2 Comments
User's avatar
Dean Reynolds's avatar

The card game analogy works reasonably well for private corporations (they are legal fictions ultimately controlled by shareholders, directors, or owners).

But it seems problematic when extending it to the sovereign government / issuer of the currency.

A monetary sovereign can create its own liabilities in its own unit without ever facing nominal insolvency. This is fundamentally different from a household or firm, which can be forced into default or restructuring even if it has real assets. Why should we treat the issuer the same as currency users when their operational constraints are fundamentally different?

Economics21st's avatar

Thanks for your comment!

I'm convinced it does make sense for governments and central banks to be included, and in fact they *have* to be included to use it for macroeconomics.

You're right that the operating constraints are typically different for a government or a central bank. In the card analogy, that's represented by there being *different rules* about which actions can occur.
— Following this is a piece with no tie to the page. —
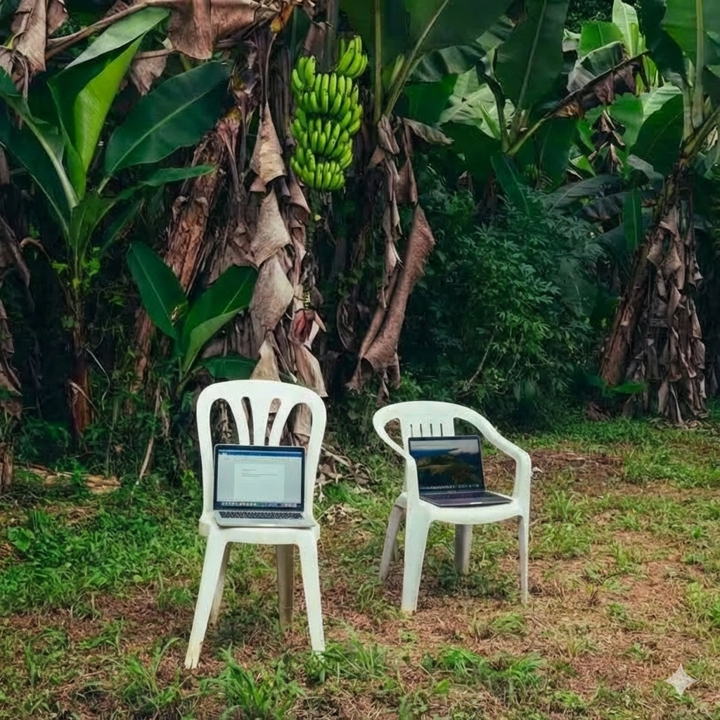 Para marcas de tecnologia: Coloque dois notebooks abertos em cima das cadeiras, com telas visíveis, na mesma composição com bananeiras.

But the representation of what a government or central bank owns, is owed and owes, as purple, green and pink cards respectively, still works.
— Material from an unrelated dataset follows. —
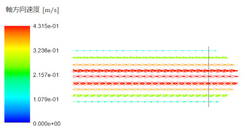 図11に出口近傍における速度ベクトルを示します。また、図12には軸方向の速度分布を示しています。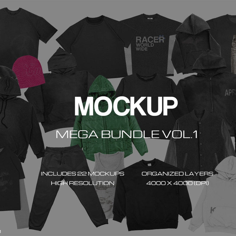 The Mockup Mega Bundle Vol.1 is a collection of 23 high-resolution (4K, 300 DPI) PSD files compatible with Photoshop. It offers a realistic garment mockup with adjustable colors for both front and back views.

Imagine a private sector player, Bob, has £50 cash (represented by him holding a green card; the BoE has the corresponding pink card). Bob can't force the BoE to settle with 0.01 oz of gold (transfer of purple card from BoE to Bob; Bob discards his green card and BoE discards its pink card). But if the BoE itself decided to sell 0.01 oz of gold for £50, those card actions would exactly represent the transaction.
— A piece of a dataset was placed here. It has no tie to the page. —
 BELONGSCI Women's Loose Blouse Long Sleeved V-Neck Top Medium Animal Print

"Why should we treat the issuer the same as currency users when their operational constraints are fundamentally different?"

The reason we should do this is that the analogy works extraordinarily well, and helps us to understand not only basic economics, but even macroeconomics. The analogy is just a different representation of what Steve Keen does with Godley tables, or Perry Mehrling does with balance sheets on a blackboard. What I like about the card analogy is that it's familiar and intuitive.